SUPPLIED DATA:
=====
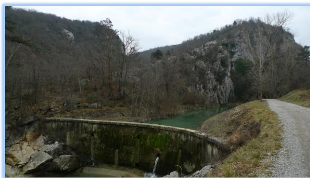
Ob izhodu iz kanjona reke Mirne
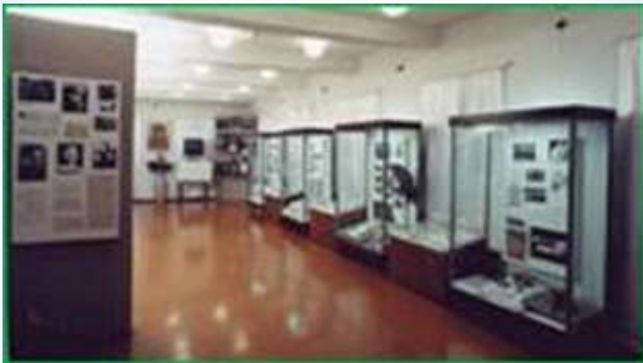
Верховский литературно-мемориальный музей им. Федора Абрамова (создан в 1984 году)
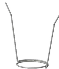
MOLLA PER FISSAGGIO SOFFITTO Molla per aggancio a soffitto OCEANO 1
=====
WHAT IS REQUIRED:
The answer must be the full listing above, copied exactly, with no pictures in it.

RESPONSE AREA:
Ob izhodu iz kanjona reke Mirne
Верховский литературно-мемориальный музей им. Федора Абрамова (создан в 1984 году)
MOLLA PER FISSAGGIO SOFFITTO Molla per aggancio a soffitto OCEANO 1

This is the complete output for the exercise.